9 is a view for explaining another embodiment of a support pattern as a flexible display device according to the present invention.

Hereinafter, preferred embodiments of the present invention will be described in detail with reference to the accompanying drawings.

However, the technical idea of the present invention is not limited to some embodiments described, but may be implemented in various different forms, and within the scope of the technical idea of the present invention, one or more of the components between the embodiments may be selected It can be combined and substituted for use.

In addition, terms (including technical and scientific terms) used in the embodiments of the present invention may be generally understood by those of ordinary skill in the art to which the present invention pertains, unless specifically defined and described. It may be interpreted as a meaning, and generally used terms such as terms defined in advance may be interpreted in consideration of the contextual meaning of the related art.

In addition, the terms used in the embodiments of the present invention are for describing the embodiments and are not intended to limit the present invention.

In the present specification, the singular form may also include the plural form unless otherwise specified in the phrase, and when it is described as "at least one (or one or more) of A and (and) B, C", it is combined with A, B, C It may include one or more of all possible combinations.

In addition, in describing the components of the embodiment of the present invention, terms such as first, second, A, B, (a), (b), etc. may be used.

These terms are only for distinguishing the elements from other elements, and are not limited to the essence, order, or order of the elements by the terms.

And, if it is described that a component is 'connected', 'coupled' or 'connected' to another component, the component is not only directly connected, coupled or connected to the other component, but also with the component It may also include a case of 'connected', 'coupled' or 'connected' due to another element between the other elements.

In addition, when it is described as being formed or disposed on "above (above) or under (below)" of each component, the upper (above) or lower (below) is one as well as when two components are in direct contact with each other. Also includes a case in which the above another component is formed or disposed between two components.

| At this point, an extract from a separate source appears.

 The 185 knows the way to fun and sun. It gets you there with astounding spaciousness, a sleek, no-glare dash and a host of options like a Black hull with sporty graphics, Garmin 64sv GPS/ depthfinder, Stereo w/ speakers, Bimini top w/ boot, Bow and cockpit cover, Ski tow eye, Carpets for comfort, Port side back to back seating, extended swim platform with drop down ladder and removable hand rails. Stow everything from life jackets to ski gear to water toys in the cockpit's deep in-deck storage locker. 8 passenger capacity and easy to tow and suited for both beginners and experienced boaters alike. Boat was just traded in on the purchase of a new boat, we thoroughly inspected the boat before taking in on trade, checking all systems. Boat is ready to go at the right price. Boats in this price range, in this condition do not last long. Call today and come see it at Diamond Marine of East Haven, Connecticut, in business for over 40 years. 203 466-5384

In addition, when expressed as "upper (upper) or lower (lower)", the meaning of the lower direction as well as the upward direction based on one component may be included.

1 to 6 , a flexible display device according to a preferred embodiment of the present invention includes flat portions FP1 and FP2 and curved portions BP bent at ends of the flat portions FP1 and FP2. The display panel 100 , the back plate 200 disposed on the inner surface of the display panel 100 , and the curved portion BP are provided inside the curved portion BP to support the inner surface of the curved portion BP. and a support pattern 210 to

For reference, a flexible display device according to an embodiment of the present invention includes a liquid crystal display (LCD), a field emission display (FED), a plasma display panel (PDP), and an organic It may be implemented as a display device such as an organic light emitting diode display (OLED display) or an electrophoresis display device (EPD), and the present invention is not limited or limited by the type and structure of the display device .

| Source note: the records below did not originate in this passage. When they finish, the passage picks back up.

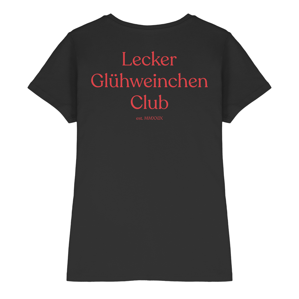 Dieses Damen T-Shirt mit dem Spruch „Lecker Glühweinchen Club – est. MMXXIX“ ist das Must-have für jede Winterliebhaberin. Egal ob Weihnachtsmarkt, Hüttengaudi oder Glühwein-Date – mit diesem Shirt zeigst du deine Liebe zum heißen Rebensaft auf charmante Art.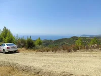 A vendre terrain de 24215 mètres carrés à Kassandra, Chalkidiki. Autorisation de construire pour 400 mètres carrés. La terre a une vue sur la mer.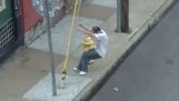 Dievča vydáva veľa balónov v blízkosti napájacích káblov.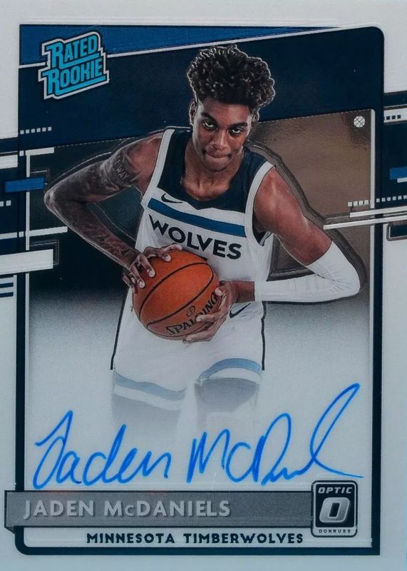 Jaden McDaniels' Basketball cards are available in at least 42 sets. Jaden McDaniels' biggest 7-day price movers are 2020 Prizm #277 Base, 2020 Optic #178 Hyper Pink, and 2020 Optic #178 Rated Rookie Signatures.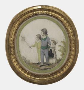 Trois enfants, crayon et aquarelle en tondo sur papier, 32x30 cm

Hereinafter, an example in which the flexible display device according to the embodiment implements the organic light emitting diode display including the organic light emitting diode device will be described.

For example, the flexible display device includes a light emitting layer (not shown) made of an organic material between a first electrode (not shown) serving as an anode and a second electrode (not shown) serving as a cathode. In a flexible display device, holes supplied from a first electrode and electrons supplied from a second electrode combine in a light emitting layer to form an exciton, a hole-electron pair, and emit light by energy generated when the exciton returns to a ground state. It is a self-luminous display device.

Referring to FIG. 1 , the flexible display device includes an image processing unit 10 , a timing control unit 20 , a data driving unit 30 , a gate driving unit 40 , and a display panel 100 .

The image processing unit 10 outputs a data enable signal DE along with the data signal DATA supplied from the outside. The image processing unit 10 may output one or more of a vertical synchronization signal, a horizontal synchronization signal, and a clock signal in addition to the data enable signal DE, but these signals are omitted for convenience of description. The image processing unit 10 is formed in the form of an integrated circuit (IC) on the system circuit board.

The timing controller 20 receives the data signal DATA from the image processing unit 10 as well as a driving signal including a data enable signal DE or a vertical synchronization signal, a horizontal synchronization signal, and a clock signal.

The timing controller 20 includes a gate timing control signal GDC for controlling an operation timing of the gate driver 40 and a data timing control signal DDC for controlling an operation timing of the data driver 30 based on the driving signal. to output The timing controller 20 is formed in the form of an IC on the control circuit board.

The data driver 30 samples and latches the data signal DATA supplied from the timing controller 20 in response to the data timing control signal DDC supplied from the timing controller 20 , and converts it into a gamma reference voltage and outputs it. . The data driver 30 outputs the data signal DATA through the data lines DL1 to DLn. The data driver 30 is attached to the substrate in the form of an IC.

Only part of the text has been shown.